‘Of course I do, Uncle Courtenay,’ said Kate, looking full at him. ‘You may say I have no right to interfere, but I have always known that Langton was to be mine, and I have always taken an interest in—everybody. Why, it was my duty. What else could I do?’

‘I should prefer that you did almost anything else,’ said Mr. Courtenay, hastily; and then he stopped short, feeling that it was incautious to betray his reasons, or suggest to the lively imagination of this perverse young woman that there was danger in Bertie Hardwick and his talk. ‘The danger’s self were lure alone,’ he said to himself, and plunged, in his dismay, into another subject. ‘Do you remember what I said to you last night about your Aunt Anderson?’ he said. ‘Shouldn’t you like to go and see her, Kate? She has a daughter of your own age, an only child. They have been abroad all their lives, and, I daresay, speak a dozen languages—that sort of people generally do.
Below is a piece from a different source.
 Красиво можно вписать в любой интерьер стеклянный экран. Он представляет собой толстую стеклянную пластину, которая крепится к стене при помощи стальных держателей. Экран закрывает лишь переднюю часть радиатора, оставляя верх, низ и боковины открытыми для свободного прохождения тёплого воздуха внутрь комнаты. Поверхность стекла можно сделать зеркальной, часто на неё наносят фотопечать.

I think it would be a right thing to visit her——’

‘If it would be a right thing to visit her, Uncle Courtenay, it would be still righter to ask her to come here.’

‘But that I forbid, my dear,’ said the old man.
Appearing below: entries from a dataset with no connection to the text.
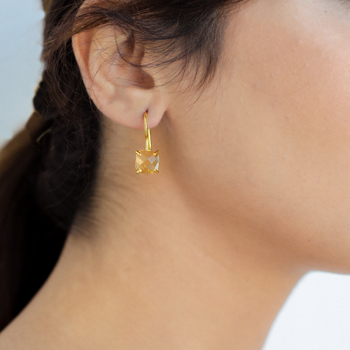 Delicate Citrine earrings in a beautiful mellow yellow. Classic style earrings that drop just below the earlobe, lending a feminine charm. These are easy to wear and match outfits with.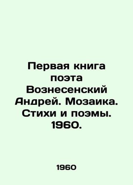 The first book of the poet Andrey Voznesensky. Mosaic. Poems and Poems. 1960./Pervaya kniga poeta Voznesenskiy Andrey. Mozaika. Stikhi i poemy. 1960. Voznesensky Andrey. Mosaic. Poems and Poems. Vladimir. Vladimir Book Publishing House. 1960. 72 pp.We have thousands of titles and often several copies of each title may be available. Please feel free to contact us for a detailed description of the copies available. SKUbd-bbd7ebc56cce968.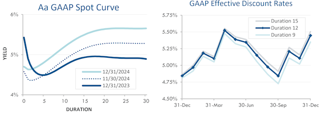 Pension liabilities (for funding, accounting, and de-risking purposes) are driven by market interest rates. The first graph below compares our Aa GAAP spot yield curve at December 31, 2023 and December 31, 2024 (along with the movement in the curve last month). The second graph below shows our estimate of movements in effective GAAP discount rates for pension obligations of various duration during 2024: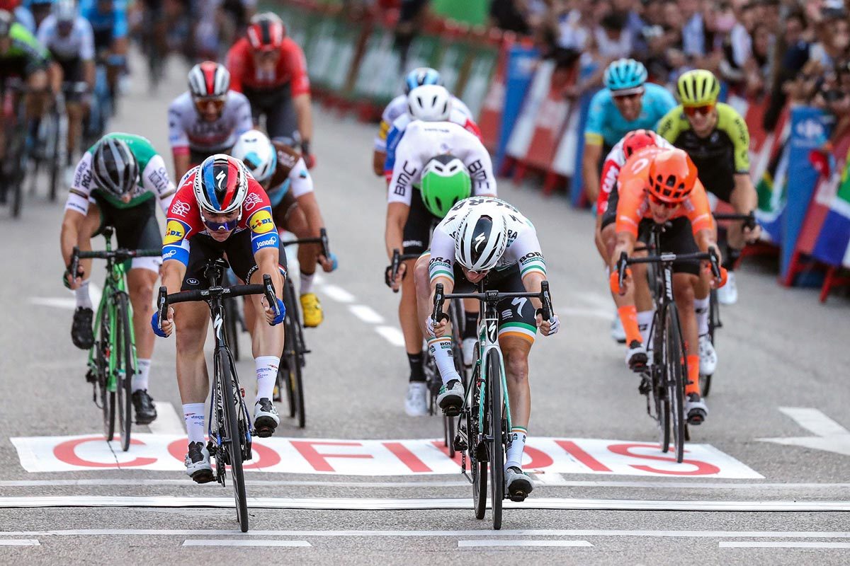 Fabio Jakobsen batte Sam Bennett nell’ultima tappa della Vuelta Espana 2019 (foto BettiniPhoto)

Then there was a pause. Kate was greatly tempted to lose her temper, but, on the whole, experience taught her that losing one’s temper seldom does much good, and she restrained herself. She tried a different mode of attack.

‘Uncle Courtenay,’ she said, pathetically, ‘is it because you don’t want any one to love me that nobody is ever allowed to stay here?’

‘When you are older, Kate, you will see what I mean,’ said Mr. Courtenay. ‘I don’t wish you to enter the world with any yoke on your neck. I mean you to be free. You will thank me afterwards, when you see how you have been saved from a tribe of locusts—from a household of dependents——’

Kate stopped and gazed at him with a curious, semi-comprehension. She put her head a little on one side, and looked up to him with her bright eyes. ‘Dependents!’ she said—‘dependents, uncle! Miss Blank tells me I have a great number of dependents, but I am sure they don’t care for me.’

‘They never do,’ said Mr. Courtenay—this was, he thought, the one grand experience which he had won from life.